Because Page_fault is the result of read and write operations, so whether it is reading or writing, in the function will be a position 1, and the D bit needs to be set according to the WRITE_FAULT flag, if it is caused by a write operation Page_fault, then the error code Pferr_write_mask is set, so that the function needs to have the Client page table item D position 1 at the same time.

Because the client's page table does not have an exception, fname (WALK_ADDR) returns 1, and the next thing that is empty for the Shadow page table entry will continue to be handled by VMM.

h) The VMM iterates through the Shadow page table, when it walks to the last level of the page table entry and discovers that the page table entry is empty, the GFN of the client physical page is converted to PFN, the PFN is populated to the addr portion of the page table entry, and P and a position 1. If it is a write operation, and the D-bit in the client's last-level page table entry is not set to 1, you also need to clear the r/w of the page table entry by 0 to make the page read-only and capture the D-bit modification when a write operation occurs.

Client Free page:

When a client frees a page, it empties the page table entry in the client, executes the INVLPG instruction, invalidates the bar mapping in the TLB, and can be set in the VM run control domain, generating vm-exit when the client executes INVLPG. After generating Vm-exit, VMM can obtain the client virtual address to be invalidated, and through the virtual Address and Shadow page table, the corresponding Shadow page table entry can be found and then emptied.


Virtualization--Shadow page table

Contact Us

The content source of this page is from Internet, which doesn't represent Alibaba Cloud's opinion; products and services mentioned on that page don't have any relationship with Alibaba Cloud. If the content of the page makes you feel confusing, please write us an email, we will handle the problem within 5 days after receiving your email.

If you find any instances of plagiarism from the community, please send an email to: info-contact@alibabacloud.com and provide relevant evidence.

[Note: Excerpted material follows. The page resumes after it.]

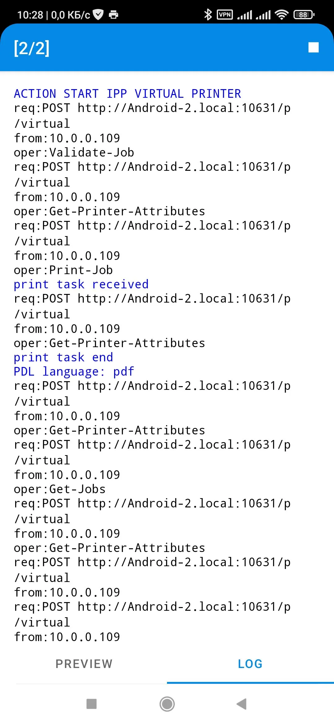 Save the trees. Do not waste paper when setting up printing plates. Your phone or tablet can now replace the printer when preparing printed reports. App emulated ipp printer. Anons it over mDNS as _ipp._tcp.local. Receives and responces on network request from other devices (e.g. PC). Also allowing use virtual printer from standart print service or apps working with printer directly. You may use this app for debug.

A staff member will contact you within 5 working days.

A Free Trial That Lets You Build Big!

Start building with 50+ products and up to 12 months usage for Elastic Compute Service

  • Sales Support

    1 on 1 presale consultation

  • After-Sales Support

    24/7 Technical Support 6 Free Tickets per Quarter Faster Response

  • Alibaba Cloud offers highly flexible support services tailored to meet your exact needs.